* Description of the task: A letter-for-letter copy of the listing is required, with no pictures in it.

* Collected material:
___

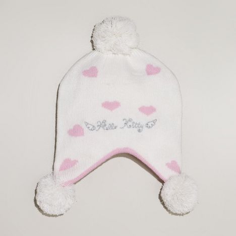 Pour affronter le froid cet hiver, craquez pour ce bonnet bébé fille en tricot Hello Kitty. Maille douce et bien chaude. A la fois ludique avec ses 3 pompons et bien pensé pour recouvrir les oreilles de bébé. Motifs cœurs et broderies Hello Kitty sur le devant et au dos. Bords contrastants.
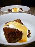 Spotted dick 19th century[41] Sweet National Pudding with suet pastry and dried vine fruits, usually served with custard
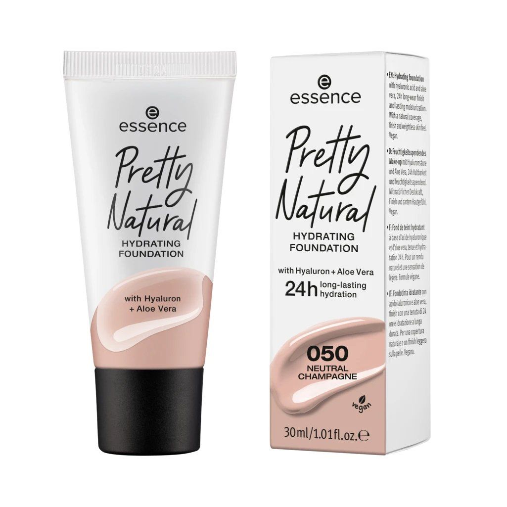Pretty and natural! the essence pretty natural hydrating foundation with hyaluronic acid and aloe vera provides a natural, medium coverage finish and weightless feel for up to 24 hours, leaving you with the perfect combo of pretty and natural. vegan, paraben free, alcohol free, oil free, gluten free.
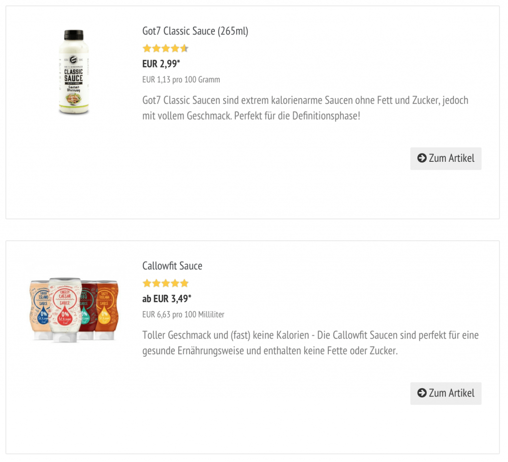 Wie Du siehst, gibt es hier auch süße Optionen, falls Dich während der Diät doch mal Gelüste „jagen“. Nutze also die Gelegenheit und decke Dich mit Deinen Favoriten ein. Einfach den Gutscheincode „SAU15“ im Warenkorb eingeben und von dem Angebot profitieren!

___

* Finished task:
 Pour affronter le froid cet hiver, craquez pour ce bonnet bébé fille en tricot Hello Kitty. Maille douce et bien chaude. A la fois ludique avec ses 3 pompons et bien pensé pour recouvrir les oreilles de bébé. Motifs cœurs et broderies Hello Kitty sur le devant et au dos. Bords contrastants.
 Spotted dick 19th century[41] Sweet National Pudding with suet pastry and dried vine fruits, usually served with custard
Pretty and natural! the essence pretty natural hydrating foundation with hyaluronic acid and aloe vera provides a natural, medium coverage finish and weightless feel for up to 24 hours, leaving you with the perfect combo of pretty and natural. vegan, paraben free, alcohol free, oil free, gluten free.
 Wie Du siehst, gibt es hier auch süße Optionen, falls Dich während der Diät doch mal Gelüste „jagen“. Nutze also die Gelegenheit und decke Dich mit Deinen Favoriten ein. Einfach den Gutscheincode „SAU15“ im Warenkorb eingeben und von dem Angebot profitieren!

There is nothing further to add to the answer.